Los apoderados de los coprocesados Néstor Alirio Bernal Delgado, Herman León Dueñas y Angélica María Pinzón Ramírez, expusieron lo siguiente respectivamente: 6.5.1. La decisión adoptada por la Sala Penal del Tribunal Superior del Distrito Judicial de Cundinamarca, vulnera el derecho fundamental del debido proceso, no solo del accionante, sino también de Néstor Alirio Bernal Delgado, por cuanto «al haber sido condenado por el mismo funcionario que funge como Juez Segundo Penal del Circuito de Facatativá con Funciones de Conocimiento, el criterio del fallador ya se encuentra contaminado, condicionado y parcializado, por haber emitido Sentencia condenatoria contra mi prohijado, en un proceso, cuya génesis tuvo la misma denuncia, por unos mismos hechos y los mismos delitos; teniendo solo como diferencia, el número de automotores matriculados, sus placas y la data cercana entre uno y otro tramite (sic) de matrícula.» Destacó que «debe declararse impedida la persona que funge como Juez Segundo Penal del Circuito de Facatativá, por condenar al Señor Néstor Alirio Bernal Delgado, al haber analizado el acontecer factico, la configuración de unas condutas (sic) típicas, darle merito individual y conjunto a las pruebas recaudadas; todo lo cual, deberá efectuar en el actual proceso tramitado por la Ley 906 de 2004, donde analizará el mismo acontecer factico (sic), delitos, pruebas que se practicarán, etc., encontrando casi identidad en todo, estando más que viciada su percepción, análisis y juicio, tal cual, como gallardamente lo aceptó el Señor Juez recusado.» 6.5.2.

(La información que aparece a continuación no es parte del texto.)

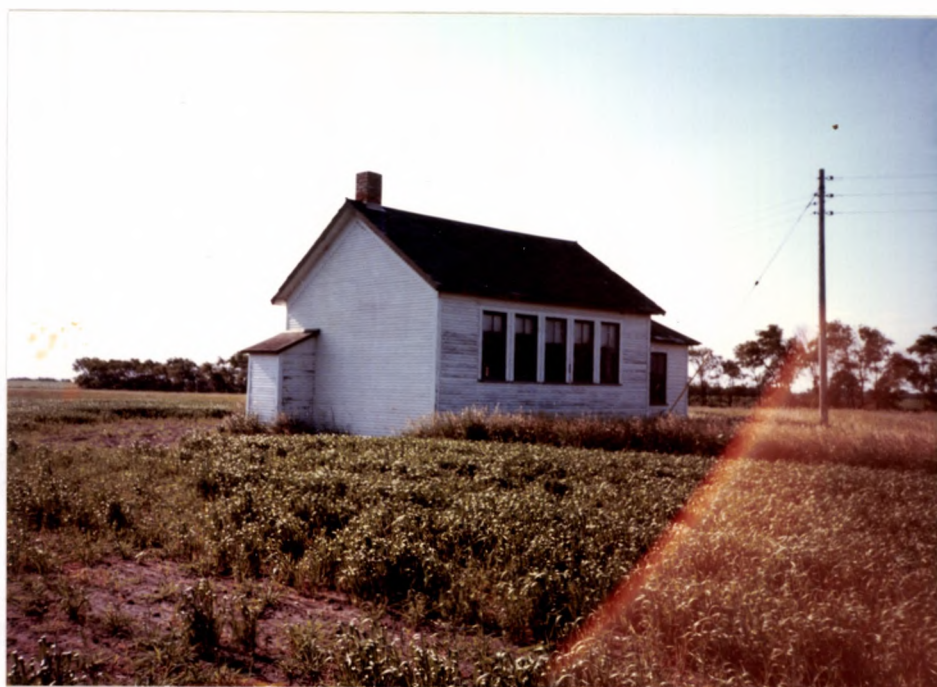
LT237, Feature 1, view to the southeast (Roll 7, Frame 20)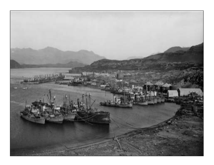
Leith Harbour, 1920s.

Leith Harbour survived the overproduction crisis of 1931, which forced some other land stations to close. This was due to the financial strength of Salvesen. Operation was able to continue because of the station's technical efficiency and its use as a forward base for Salvesen factory ships. Stromness whaling station was leased in 1931 and used for maintaining the company's whalecatchers.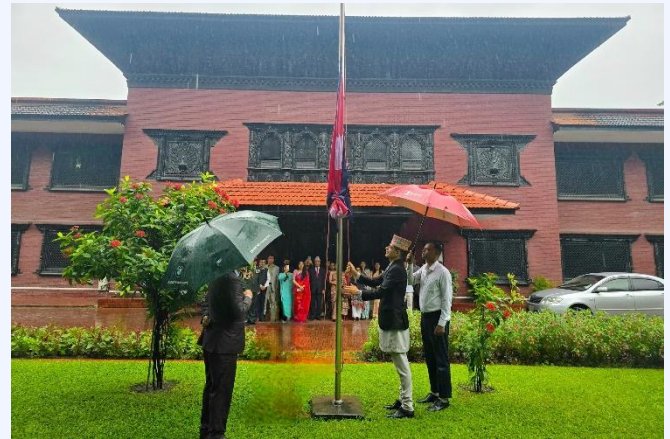
(Ambassador Bhandari hoisting the Nepali flag)

On 29 May 2025, the Embassy hosted a programme to observe the 18 th Republic Day of Nepal.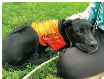
Macintosh went to the Girl Scout booth at the Artisan Fair! He was a little skittish with all the people but warmed up to the girls!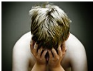
Shockingly common, the cruel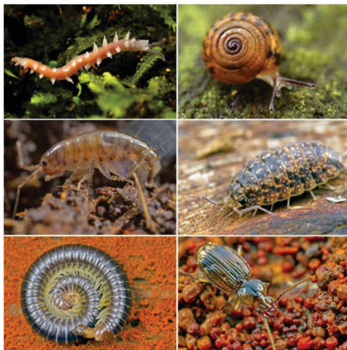
Common macroinvertebrates of these rainforests include velvet worms, snails, slaters, beetles, millipedes and land hoppers (clockwise from left) Nick Porch.

The fires incinerated much of the leaf litter and its inhabitants. To find out the toll on these creatures, a year after the fires we set out to collect leaf litter samples from 52 temperate rainforest sites ranging from Buchan in East Gippsland, Victoria, to Nowra in New South Wales, across the lands of the Kurnai, Bidawal and Yuin people. Then we compared sites subject to medium and high severity fires with those that had escaped the fire.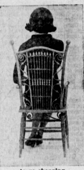
to go shopping,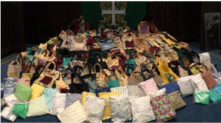
School Kits, Hygiene Kits, and Layettes for the United Methodist Committee on Relief

This work is the front edge of our church. Taking us out past our walls and into the world to be the hands and feet of Jesus. This team has worked diligently on projects to make our church greener and more outward focused. The numbers here also includes our support of Care & Share, Philips Cupboard, Bridge the Gap, The United Methodist Committee on Relief, and our missionaries. You will also see our Apportionments numbers fall here because this money is what enables our denomination to be a mission presence around the world.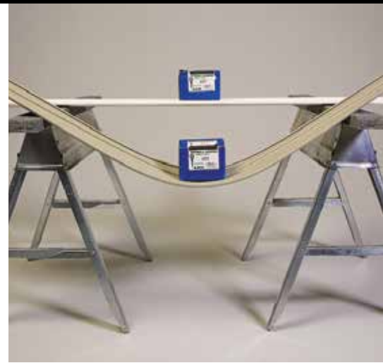
In strictly controlled laboratory comparisons, Charter Oak remained rigid, while the competition sagged.

CHARTER OAK ENERGY ELITE IS AN INVESTMENT that really pays dividends. Energy savings and freedom from maintenance are benefits you'll enjoy year after year, as well as two desirable amenities that can add value to your home and will always be a pleasure to live with.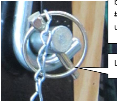
Lynch Pin fitted correctly

Note position of lifting hooks assembled on inside edges of "U" lifting lever N.B. Only ONE Lifting/Safety Pin is shown in these pictures for instruction picture clarity...Two Pins Must always be left in, and Lynch Pins must always be fitted when not adjusting height of trolley. # Never use only one PIN to try and exceed limits of use.

En el presente caso, el mismo juez recusado reconoció que «efectivamente se daban entre los dos casos una comunidad de hechos, de pruebas y de actuaciones por él realizadas que, de manera indubitable, lo llevaban al convencimiento de no poder mantener la imparcialidad de su juicio frente a los hechos puestos en su conocimiento. Convencimiento interno que fue de tal magnitud que lo llevó a manifestar en audiencia, su incapacidad para parcelar su cerebro de tal manera que le permitiera dejar de lado el pronunciamiento ya realizado (la sentencia condenatoria).» Concluyó que «resulta evidente la existencia de un precedente condenatorio obtenido a través de las pruebas que fueron aportadas y que el juez, que hoy se declara impedido recepcionó, ordenó y finalmente valoró para llegar a la certeza de tener que condenar al señor Alirio Bernal Delgado, que aparece como procesado.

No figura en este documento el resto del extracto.